Keepsake Theme Quilts
- Formation: 1998; 28 years ago
- Founder: Meredith Crane
- Type: Nonprofit
- Legal status: 501(c)(3) organization
- Purpose: Provide funds, employment and autonomy for deaf and hard-of-hearing individuals
- Location: Bexley, Ohio, United States;
- Region served: United States
- Products: hand-quilt patchwork quilts
- Affiliations: Campus Quilt Co.
- Website: www.tshirtquilts.com

= Keepsake Theme Quilts =

Deaf-employing quilting non-profit

Keepsake Theme Quilts is an American non-profit business located in Bexley, Ohio founded with the intention of giving more jobs and autonomy to deaf workers.

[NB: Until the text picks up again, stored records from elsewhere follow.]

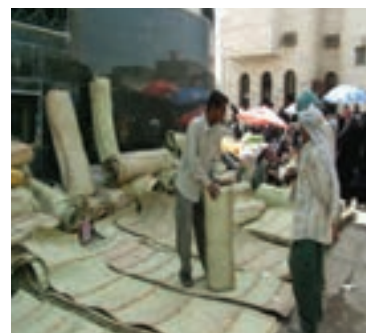
شکل ۳-۲- نمونه‌ای از منابع درآمد روستائیان استان
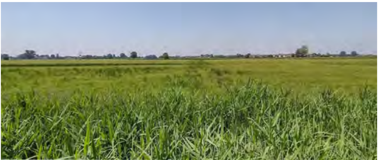
TERRENO 1 - Foglio 8 / Mappale 163
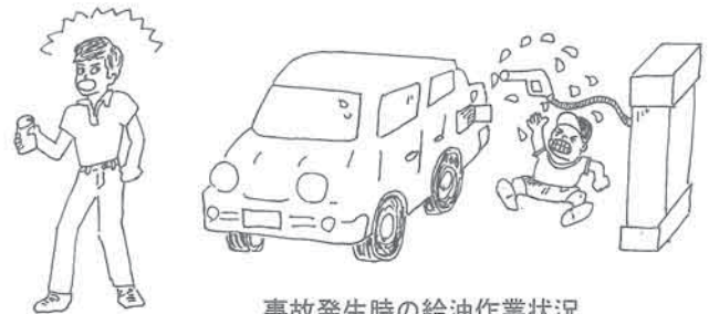
事故発生時の給油作業状況
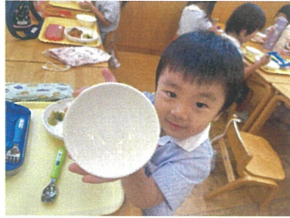
全部食べて ピカピカになったよ!!
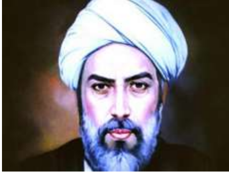
Gambar 3 Mulla Shadra

Mulla Shadra adalah seorang intelektual yang tidak hanya belajar filsafat tetapi juga tasawuf, yang ia praktekkan dengan berzuhud. Pemikiran Mulla Shadra dipengaruhi oleh pemikiran yang beragam dari zaman Kerajaan Safawi, yang memiliki banyak tokoh filsafat dan tasawuf. Mulla Shadra lebih suka tokoh filsafat daripada tasawuf jika ditanya. Mulla Shadra menggunakan pemikiran filsafatnya untuk menjelaskan pengalamannya spiritualnya (Marzuki, 2022, p. 42).

They hand-quilt patchwork quilts using t-shirts, towels, or other old mementos from road races, alma mater logos, and just anything people would like to save in quilt form.

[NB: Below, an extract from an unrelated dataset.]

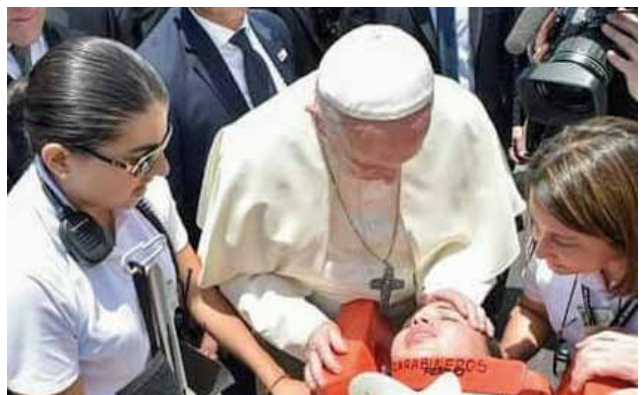
El Santo Padre bajó del papamóvil al ver caer a una carabinera del caballo.

As of 2021, they had made over 15,000 quilts and blankets, and employed over 125 deaf and hard-of-hearing individuals.

== History ==
Meredith Crane founded Keepsake Theme Quilts in 1998 as a way to earn money for her nonprofit organization Deaf Initiatives. Crane had two sons who were born deaf who encountered frequent discrimination, so it became her mission to employ deaf individuals.

"I wanted to have a business where people could come in and communicate without any barriers," Crane said. "I wanted a process, where it had a beginning, an end, where it was hands-on." T-shirt quilts seemed to fit, as they require a specific skill and attention to detail to make, and the finished product is tangible and meaningful. The quilts have now become popular for graduation and holiday gifts.

As of 2011, they had 23 deaf employees who work as seamstresses and production assistants and two certified ASL interpreters who work primarily with customers. Three quilters outside Keepsake Theme Quilts bind the pieces together with machines that wouldn't fit in the house. They have developed a system tailored to those who can't hear, like using pictures in place of numbers and words, or instructions that are drawn instead of written.

There are multiple employees who've said that working at Keepsake Theme Quilts changed their lives. For instance, office manager Shonna Collins had only been able to find work stocking shelves at Kmart, working third shift, where she said she felt alone and left out. "Now, Collins-who graduated valedictorian from the Kentucky School for the Deaf before attending the all-deaf Gallaudet University in Washington, D.C.-practically runs the business, managing fabric inventory, placing orders, handling shipments, hiring new employees and inspecting finished products before they're sent home to customers. She has her own office with two computers. She says she's proud of her career and that this job, which she earned after several internal promotions, has helped her realize her potential," reports journalist Michelle Sullivan for the Columbus Monthly.

There has been room for promotion. For instance, seamstress Judy Bryant became a supervisor.

Keepsake Theme Quilts also offers classes to members of the public interested in learning more about quilting.

During the 2020 COVID-19 pandemic, demand grew as more people with more time at home cleaned out their closets.